All I want to do is serialize and unserialize tuples of strings or ints.
I looked at pickle.dumps() but the byte overhead is significant. Basically it looks like it takes up about 4x as much space as it needs to. Besides, all I need is basic types and have no need to serialize objects.
marshal is a little better in terms of space but the result is full of nasty \x00 bytes. Ideally I would like the result to be human readable.
I thought of just using repr() and eval(), but is there a simple way I could accomplish this without using eval()?
This is getting stored in a db, not a file. Byte overhead matters because it could make the difference between requiring a TEXT column versus a varchar, and generally data compactness affects all areas of db performance.
personally i would use yaml. it's on par with json for encoding size, but it can represent some more complex things (e.g. classes, recursive structures) when necessary.
If you need a space efficient solution you can use Google Protocol buffers.
Protocol buffers - Encoding
Protocol buffers - Python Tutorial
There are some persistence builtins mentioned in the python documentation but I don't think any of these is remarkable smaller in the produced filesize.
You could alway use the configparser but there you only get string, int, float, bool.

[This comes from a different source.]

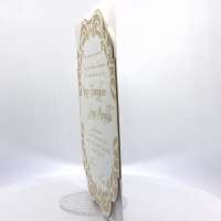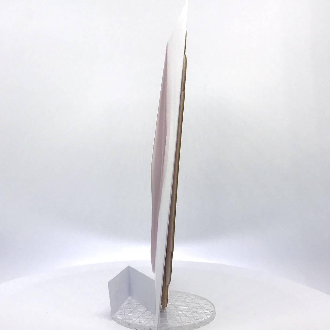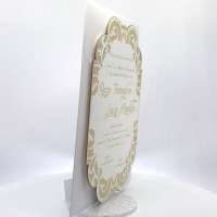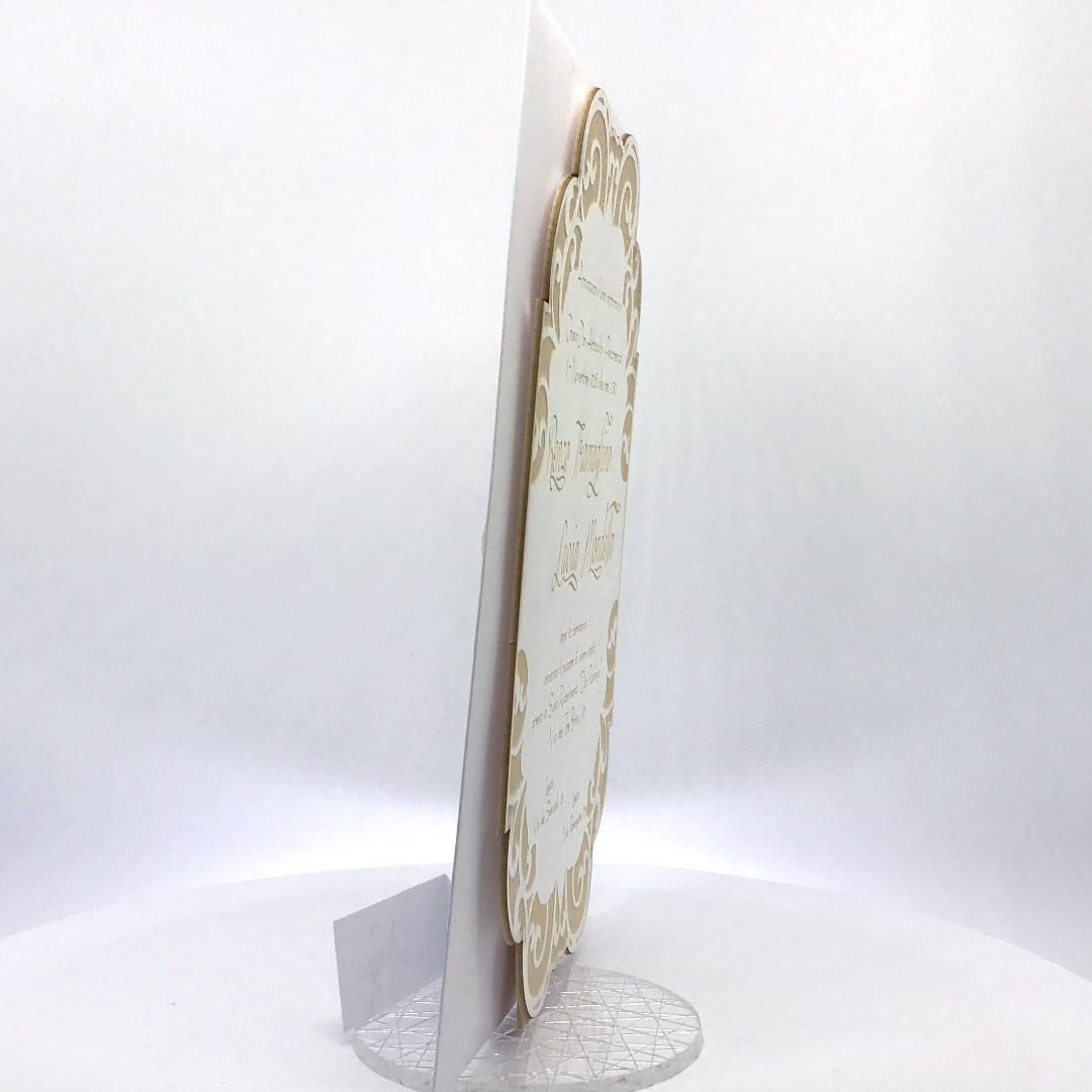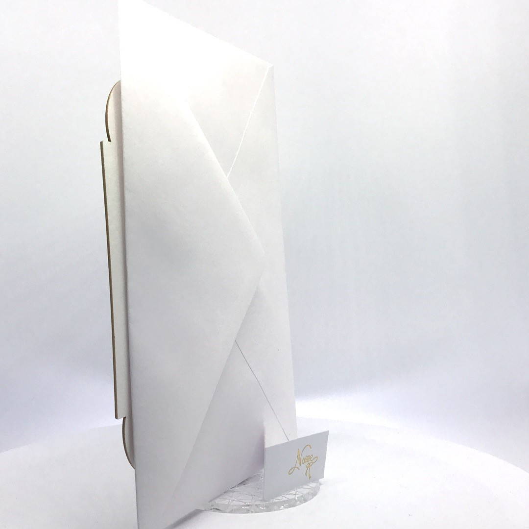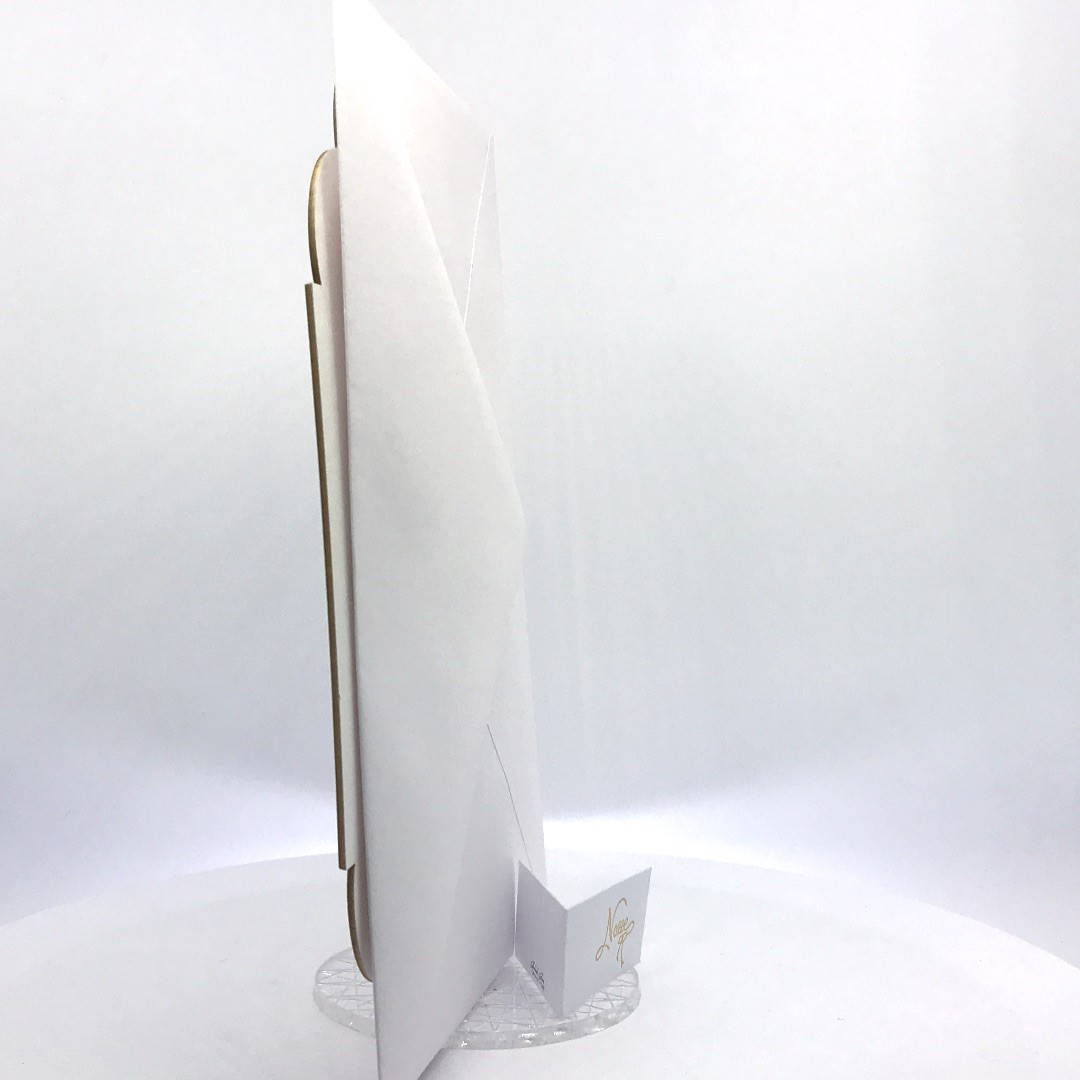Cartoncino sagomato realizzato su carta con grammatura pesante 800 gr, decori e testo incisi a laser.

Take a look at json, at least the generated
dumps
are readable with many other languages.Maybe you're not using the right protocol:
See the documentation for pickle data formats.
Luckily there is solution which uses COMPRESSION, and solves the general problem involving any arbitrary Python object including new classes. Rather than micro-manage mere tuples sometimes it's better to use a DRY tool.
Your code will be more crisp and readily refactored in similar future situations.
y_serial.py module :: warehouse Python objects with SQLite
"Serialization + persistance :: in a few lines of code, compress and annotate Python objects into SQLite; then later retrieve them chronologically by keywords without any SQL. Most useful "standard" module for a database to store schema-less data."
http://yserial.sourceforge.net
[If you are still concerned, why not stick those tuples in a dictionary, then apply y_serial to the dictionary. Probably any overhead will vanish due to the transparent compression in the background by zlib.]
As to readability, the documentation also gives details on why cPickle was selected over json.